REPUBLIKA.CO.ID, SLEMAN -- Dalam sidang perdananya, terdakwa kasus teror bom Maskapai Penerbangan Lion Air di Bandara Adisutjipto Yogyakarta, Andrea Giovanni S, tidak didampingi penasihat hukum. Padahal, dia mengaku sudah meminta bantuan pengacara.
Ketika Ketua Majelis Hakim, Pengadilan Negeri (PN) Sleman, Mulyanto menanyakan soal kuasa hukumnya, dia tampak kebingungan. Karena tidak adanya kuasa hukum yang mendampinginya, terdakwa kemudian menjalani proses sidang tersebut seorang diri.
"Ancaman pidana kasus ini di atas lima tahun. Sehingga terdakwa wajib didampingi pengacara," kata Mulyanto, Kamis (7/2).
Dalam dakwaannya, Jaksa Penuntut Umum (JPU), Jaka Purwanta menjerat Geovanni dengan pasal berlapis.
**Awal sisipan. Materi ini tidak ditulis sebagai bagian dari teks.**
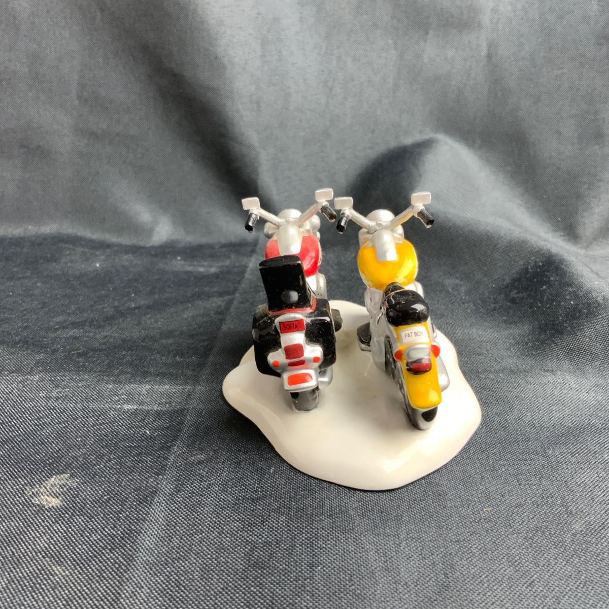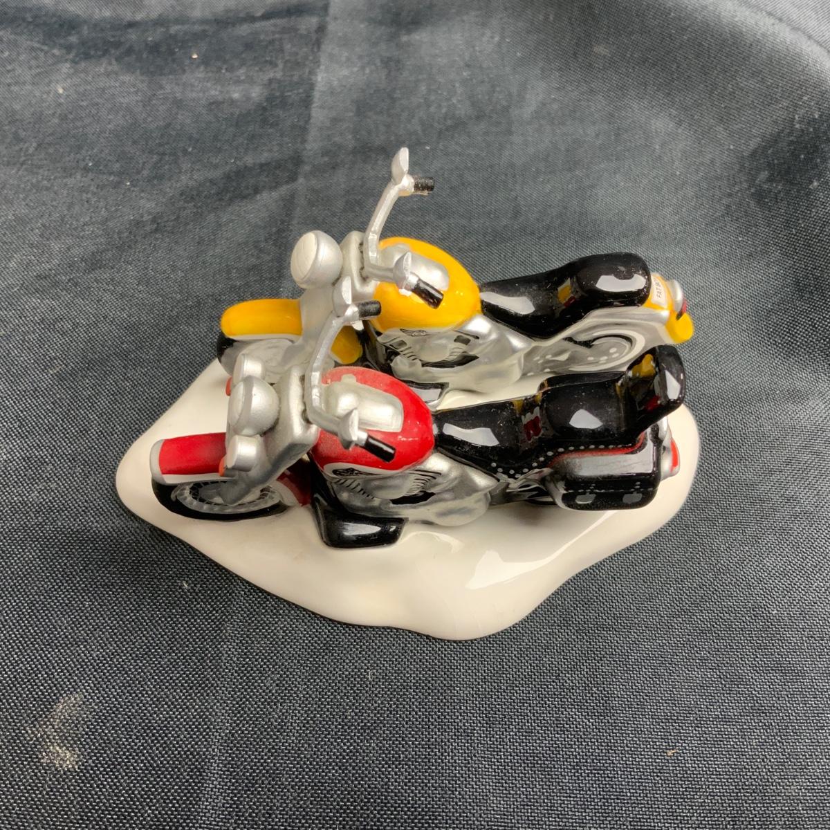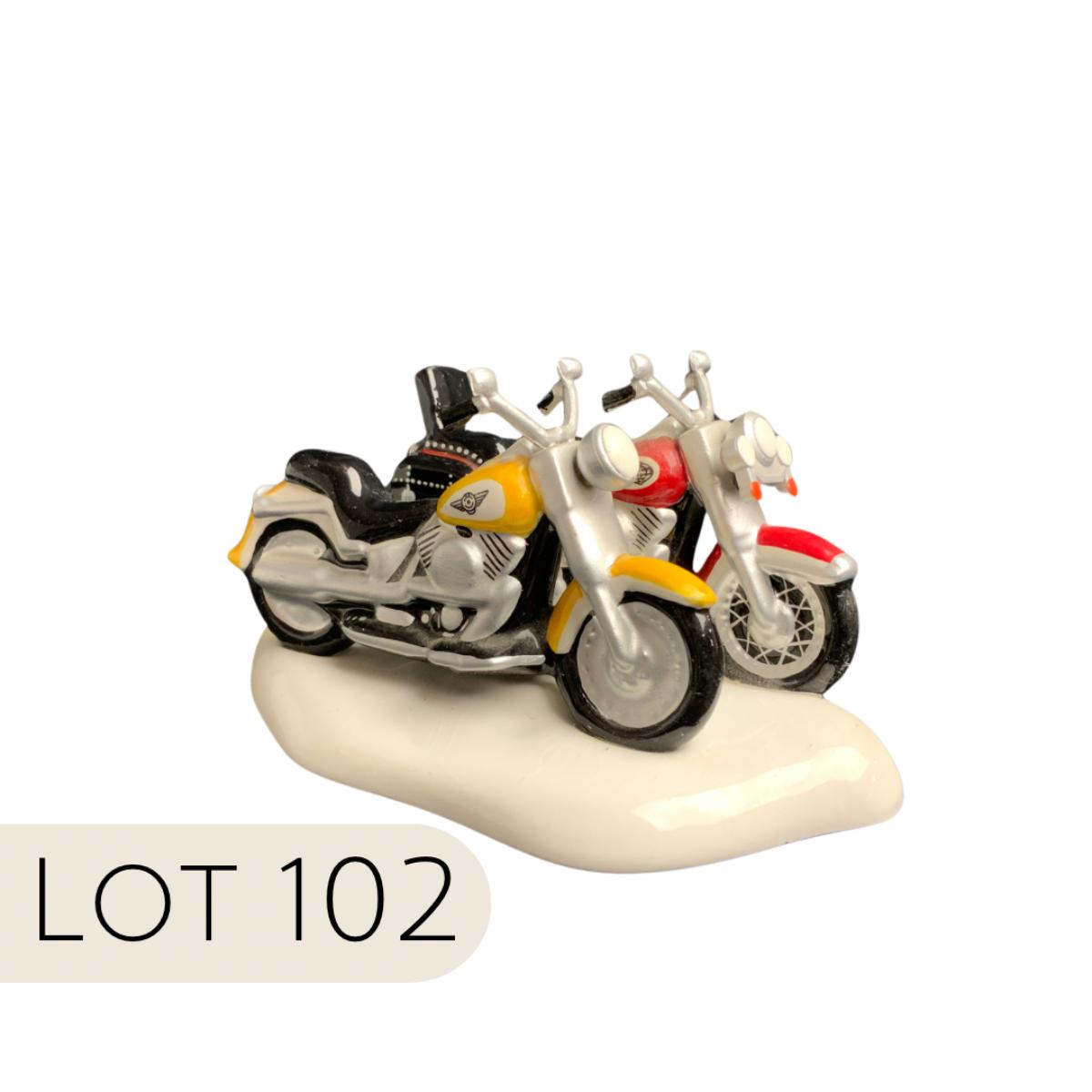 A real couple of classic Motorcycles right here. The Venn Diagram of Harley Davidson collectors and Snow Village owners is basically a circle. These two are in classic Department 56 colors, and will look great parked by the hot chocolate stand. Please see photos for details and condition. ::: Shipping is available on this lot. If you require shipping you must let us know at the close of the auction. We will coordinate with you after the item has been won. Shipping fees will include insurance up to or exceeding the value of all items being mailed. If you have any questions regarding this lot please contact the auctioneer either via this website, by direct email or by phone. PICK UP TIMES and other important information can be found in the TERMS and DESCRIPTION of the auction. Please take a look for pertinent information. Thanks! Any condition statement is given as a courtesy to a client, is an opinion, and should not be treated as a statement of fact. Reference to condition written, oral or within a condition report shall not be regarded as a full account of condition and may not include all defects, alterations, or restorations. Absence of a condition report does not imply a lot is flawless or lacking imperfections or damage. Katherine’s Auction & Appraisal Service shall have no responsibility for any error or omission. Returns shall not be accepted on the basis of condition.
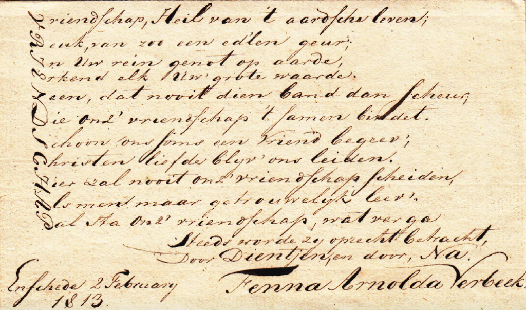 Een van Fenna’s jeugdvriendinnen was haar toekomstige schoonzuster Dientje Ledeboer, die sinds 1811 een poëzie-album bijhield. Twee fraaie bijdragen werden in sierlijk handschrift opgetekend door Fenna in 1813, waaronder het onderstaande gedichtje:

Dakwaan primer yaitu Pasal 7 jo 27 Perpu No 1/2002 yang ditetapkan menjadi UU No 15/2003 tentang Pemberantasan Tindak Pidana Terorisme. Pasal ini memiliki ketentuan ancaman pidana penjara maksimal seumur hidup.
Sedangkan dakwaan alternatif ke satu Pasal 479 KUHP tentang Kejahatan Penerbangan dan Sarpras Penerbangan. Lalu Pasal 335 ayat 1 KUHP tentang Perbuatan Tidak Menyenangkan. Dalam dakwaan yang teregister dengan nomer perkara 56/PID.B/2013/PN.SLMN
Kejadian itu bermula ketika terdakwa dinyatakan dengan sengaja telah menimbulkan suasana teror bom pada pesawat Lion Air tujuan Denpasar, Bali, Ahad (14/10). Modus yang dilakukan adalah dengan menakut-nakuti pegawai maskapai tersebut, Yuli Purwanto melalui telepon.
Setelah adanya telpon itu, operator maskapai lalu melakukan pengecekan terhadap pesawat Lion Air JT 568. Pihak Gegana Brimob Polda DIY juga diterjunkan untuk menyisir lokasi bandara. Namun tidak ditemukan barang berbahaya.
"Ini semua hanya salah paham," kata Geovani usai persidangan tersebut.